More and more people are buying units in Pampanga, Batangas, specifically areas like Laiya and Nasugbu, and Tagaytay, with the latter being the most preferred location for a second home.
By Q3 2023, Tagaytay and Batangas exhibited the highest concentration of unit supply, with 8669 total units for Tagaytay, while Cavite has 7561 units. Out of the 30,281 new supply from Batangas, Bulacan, Cavite, Laguna, Pampanga, and Tagaytay, data showed 28.34% is attributed to Tagaytay while Cavite took up 24.22% of it.
With its proximity to Taal Lake, climate, and ongoing development of lifestyle hubs and shopping centers, Tagaytay remains to be a top choice among buyers looking for second homes. In 2023 alone, Cavite LGU reported 14,338,668 same-day visitors in September.
Apart from the robust tourism of the area, demand for residential units in this area is evident through the consistent price increase from 2020’s average selling rate of Php 92,411/sqm to Php 110,276/sqm in 2023.
Among Metro Luzon provinces as locations for second homes are
Pampanga, Bulacan, Cavite, Tagaytay, Laguna, and Batangas.
Cavite ended Q3 2023 with 24.96% of the total new stock for Metro Luzon, showcasing itself as a formidable option for a second home location. It is still an up-and-coming location, with an average selling price of Php 90,018/sqm, one of the lowest for Metro Luzon.
Pampanga’s price per sqm ranked the highest at Php 126,374 per month.
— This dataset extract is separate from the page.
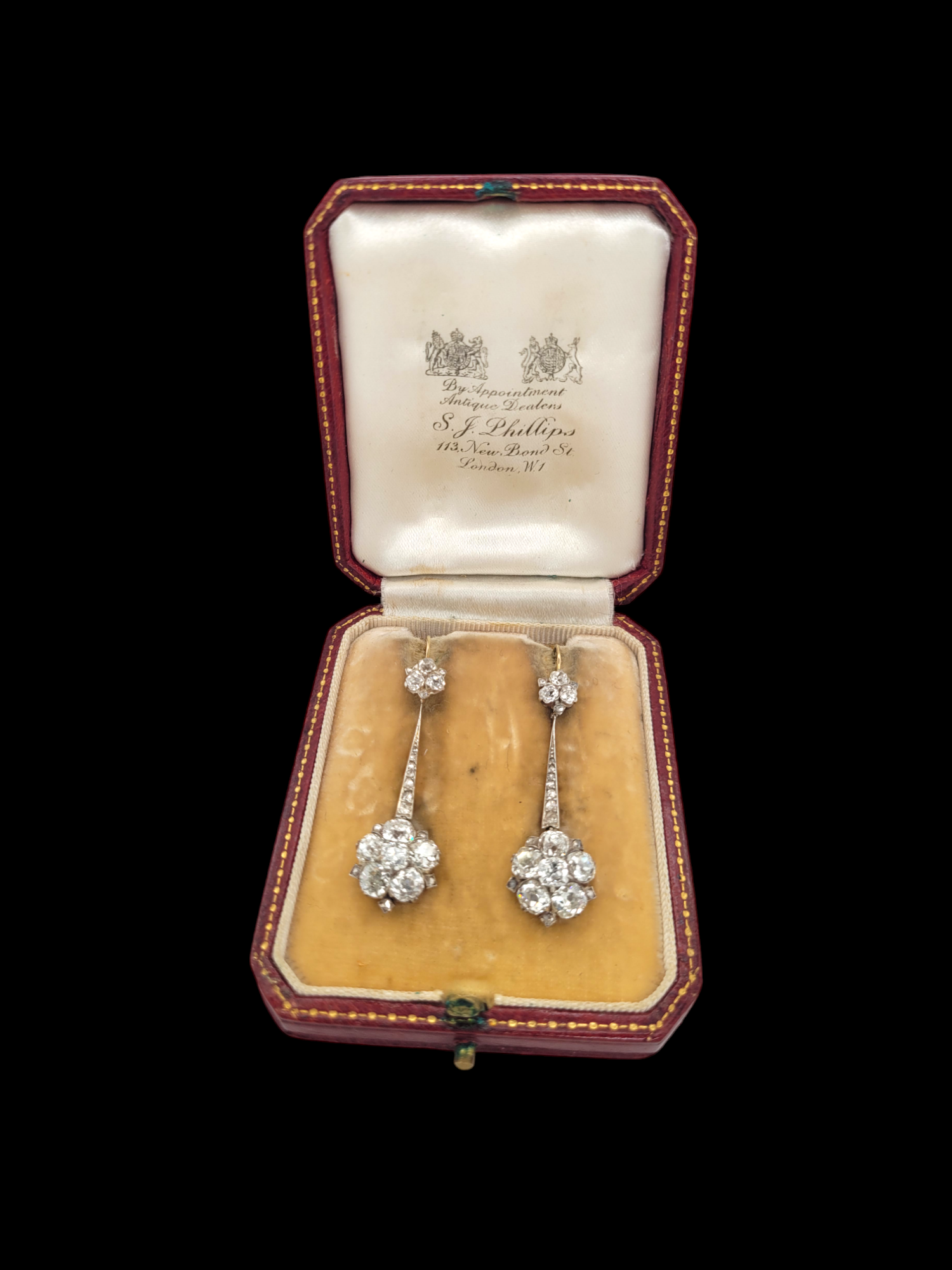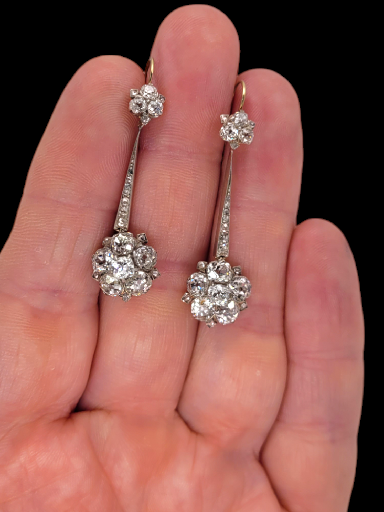 Awesome Edwardian diamond cluster drop earrings with earlier chunky old mine cut diamonds 6.80cts set in platinum with 18ct yellow gold backs. 40mm long 11.5mm wide. Five petal pansy flower clusters with added diamond points suspended by a graduating diamond set bar with a trefoil diamond top and diamond points.

Figures showed buyer demand in Clark, Pampanga with notable places such as Clark International Airport being the gateway for Filipinos living in Central and Northern Luzon.
As one of the key economic centers in the Philippines, Metro Manila remained the homestead of CBDs in Luzon. To keep work and life balance seamlessly, more and more people are living on the outskirts of Metro Manila, such as Bulacan, Cavite, and Laguna.
Despite the growing trend of living close to the metropolis for work, these three provinces still showed the lowest average price per unit in Metro Luzon, with 3.7M for Laguna; 2.9M for Bulacan; and 2.8M for Cavite. This explains that residents see these locations as temporary homes either for work or leisure purposes.
Meanwhile, rates in Pampanga, Laguna, and Tagaytay tell a different story. Pampanga emerged with the highest selling rate in the sought-after Metro Luzon areas, with a weighted average selling rate of Php 126,374/sqm. Tagaytay ranked second at Php 122,500/sqm followed by Laguna at Php 117,269/sqm.
The data underscores a clear preference among individuals for residences situated in proximity to tourist destinations, particularly those featuring expansive sandy beaches or vast terrains. In fact, these prices have gone up by 19.33% since 2020 in the following areas, driven by a growing demand for second homes, particularly in the form of residential leisure condos.
Residential leisure trends
By Q3 2023, 42% of residential units sold in Bulacan, Pampanga, Cavite,
Laguna, and Batangas were residential-leisure properties. Tagaytay and Laiya top the list.
Recent trends also revealed a growing preference for residential leisure in Metro Luzon areas such as Batangas, Cavite, Laguna, Pampanga and Tagaytay.
Investors purchased units at DMCI’s Solmera Coast in San Juan, Batangas and SM Prime’s Freia at Pico de Loro in Nasugbu, Batangas, which contributed 41% of sales in the total units sold.
In April 2023, 688,569 domestic travelers were recorded to have visited San Juan, Batangas alone. Nasugbu housed a total of 268,022 travelers, while Tagaytay had 436,508 tourists. These figures showcase the booming tourism industry in these destinations, underscoring their popularity among visitors.
This, in turn, has led to a 93% absorption rate in Q3 2022, 92% for Q1 2023, and finally, 93% for Q3 2023, this trend is expected to persist until 2024.
The Philippine real estate market is currently experiencing a robust phase characterized by an exponential demand for second homes and residential leisure condominiums outside the metropolitan areas.
In addition to the burgeoning appetite for luxury residential spaces in the Metro, there is a discernible shift in consumer preference, where individuals not only prioritize primary residences but also actively seek second homes outside of Metro Manila, designed for relaxation and leisure.